Он встал, огорченный, и побрел к обществу. Я последовал за ним. Мы разошлись; я, по указке Реджи, поднялся к ней в спальню — откланяться и поблагодарить. Из-под густого оранжево-желтого макияжа глядело измученное, серое лицо с впалыми щеками. Дез Моран был прав: не дожить ей до следующего лета. Она мне обрадовалась, ласково усадила рядом и сказала с глубокой нежностью: «Лучше бы тебе умереть раньше меня, а то, если я первая, ты истоскуешься». Я понял, что она не велит мириться с мыслью о ее близкой смерти, до последнего откладывает загробную переправу. То, что она сказала затем, было еще тягостнее — не совсем о переправе, но почти о ней.
— Я видела, вы разговорились с монсеньором Мораном. У меня к тебе, Бобби, есть одна просьба. Даже две просьбы. Ты был крещен в католической вере. Я тоже. И я хочу, чтоб мы кончили жизнь заодно, так же, как начали. Тому из нас, кто переживет другого, будет легче дотянуть остаток дней. Или о таком не просят?

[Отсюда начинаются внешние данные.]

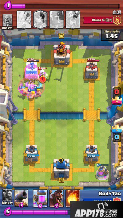 但是这时对面几乎同时下了黑暗王子。嘻嘻嘻,小土炮完虐之。这里是我个人的小经验:黑暗王子虽然也有冲锋但是伤害比不上王子,不过AOE伤害导致用兵来挡会十分的亏,所以用小土炮的话,这个AOE可以忽略,再加上箭塔射射射,我的土炮还没爆呢,就跪下了。

Я принес ей лживые заверения. Она была довольна — и сказала, что исповедует ее не кто иной, как монсеньор Моран. Окно было открыто, я ловил ухом дальние отзвуки армейского оркестра, но он стих. Празднество кончилось.
— И вторая просьба, — мягко сказала она, утопая в кружевных подушках, спокойно скрестив морщинистые руки, — вот какая: вы уж, пожалуйста, раздобудьте мне штук сто секонала. Боли начались. А Реджи — он, как джентльмен, вынужден будет мне отказать.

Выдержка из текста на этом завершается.